Terpisah, Pemerintah Desa (Pemdes) Kema I melalui Kepala Lingkungan 8, Fiona Esterlita Waworuntu menyatakan, dari informasi yang beredar ada tiga ekor yang sempat terlihat di wilayahnya.
“Kita berharap pihak berwenang segera menindaki kemunculan buaya tersebut,” tegasnya.
Sebab kemunculan buaya tersebut dapat berdampak serius bagi keselamatan warga desa.
Warga juga berspekulasi jika buaya tersebut bisa jadi lepas dari Pusat Penyelamatan Satwa (PPS) Tasikoki, yang lokasinya tidak jauh dari Kema.
Menanggapi dugaan tersebut, pihak PPS Tasikoki menampik dengan tegas.
“Itu tuduhan yang tidak berdasar bagi kami. Kami selalu menjaga keamanan kandang,” ujar drh Avivah Vega Meidienna, dokter hewan di PPS Tasikoki saat dikonfirmasi Senin (25/11) malam.
Ia menjamin bahwa buaya yang berkeliaran tersebut bukan berasal dari kandang PPS Tasikoki.
“Saya berani jamin itu bukan buaya milik kami,” tegasnya.
Ia menjelaskan, saat ini buaya yang berada di PPS Tasikoki berjumlah 12 ekor dan semuanya berada di kandang.
“Kandangnya sangat aman karena ada dinding betonnya,” beber Avivah.
Adapun langkah mitigasi yang dapat dilakukan warga adalah dengan mengurangi aktivitas di bibir pantai, muara dan ceruk pantai.
“Terlebih pada malam hari karena itu jam aktifnya buaya,” terangnya.

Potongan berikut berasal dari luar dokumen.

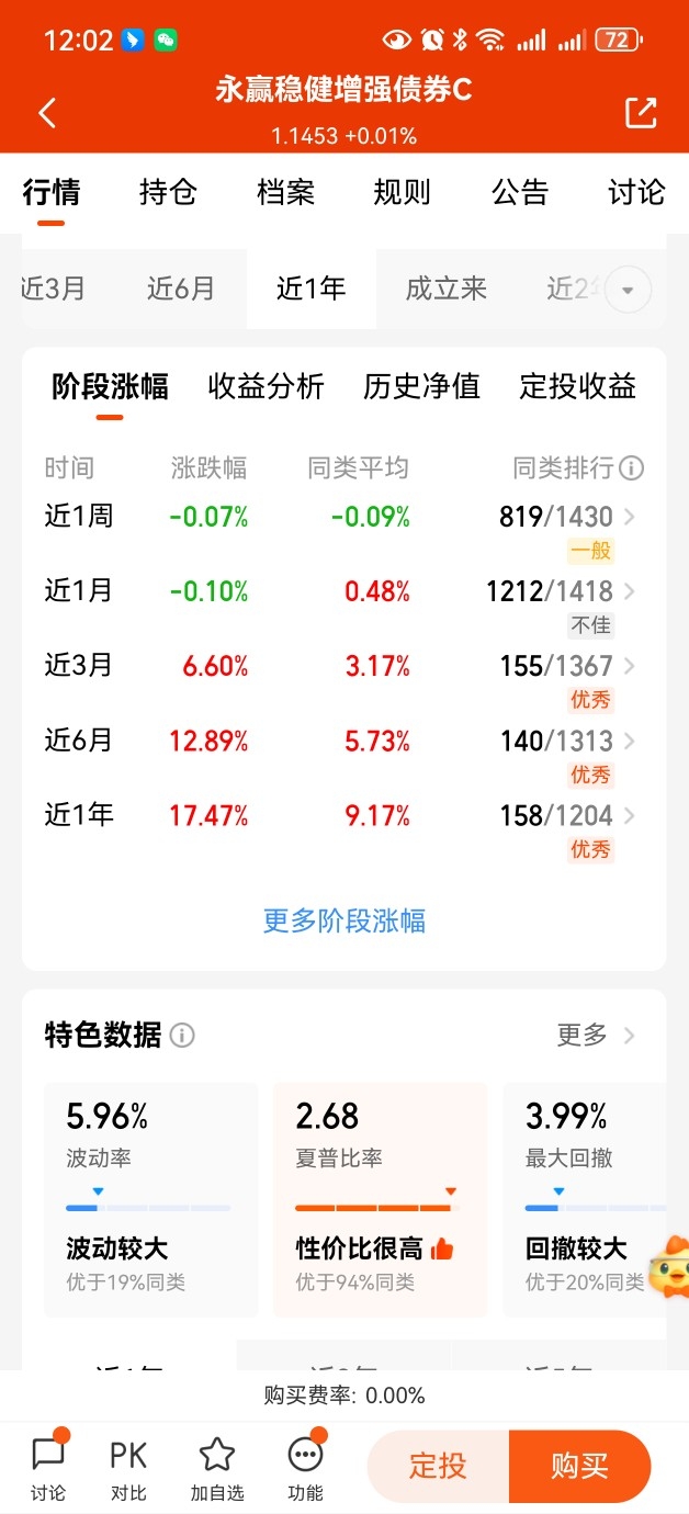 选对基真的太重要了,$永赢稳健增强债券C$昨天收1个蛋,近五天有四天上涨。产品以

Ia berharap warga segera melaporkan ke pihak PPS Tasikoki bila kembali melihat pergerakan buaya di sekitar pemukiman dengan menghubungi nomor telepon 089628337378.

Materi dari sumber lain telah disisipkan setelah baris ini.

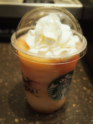 JUGEMテーマ:スターバックス 夏の限定メニューだったスタバのピーチ イン ピーチフラペチーノ。 わたしもフライボートの帰り道に飲んできたよー! 飲んだらまさにTHE☆ピーチ。 「桃を丸ごとかじったような」とネットにはあったんだけど、まさにそのまんま。 当たり前だけどピーチの味しかしない…(笑) 中には果肉がごろごろ。そして濃厚! 飲んでいるうちにスタバのフラペチーノじゃなくてピーチネクターなんじゃないかって気分になりました。笑 それにしても、久しぶりの当たりだったかもしれない! スタ...

“Dalam waktu 30 menit setelah menerima laporan, kami akan langsung mengirimkan tim,” imbuhnya.
Senada, Kepala BKSDA Sulut Ashkari Dg Massiki mengatakan pihaknya belum dapat mengonfirmasi asal muasal buaya tersebut.
“Belum terkonfirmasi asal usul buaya dari mana. Mudah-mudahan besok tim bisa mendapat informasi sekaligus melihat kondisi di lapangan,” kata Ashkari saat dihubungi Zonautara.com, Senin malam.
Selain berkoordinasi dengan pemerintah, masyarakat serta pihak-pihak terkait lainnya, BKSDA juga akan berkoordinasi dengan BPSPL yang merupakan Unit Pelaksana Teknis (UPT) di bawah Direktorat Jenderal Pengelolaan Ruang Laut (DJPRL) Kementerian Kelautan dan Perikanan (KKP) dalam penanganan buaya tersebut.
“Pasca terbitnya UU 32/2024 tentang perubahan UU nomor 5/1990 tentang Konservasi Sumber Daya Alam dan Ekosistem, kewenangan terkait buaya sudah berada di Kementerian Kelautan dan Perikanan. Saat ini masa transisi, sehingga penanganan masih bersama-sama,” pungkasnya.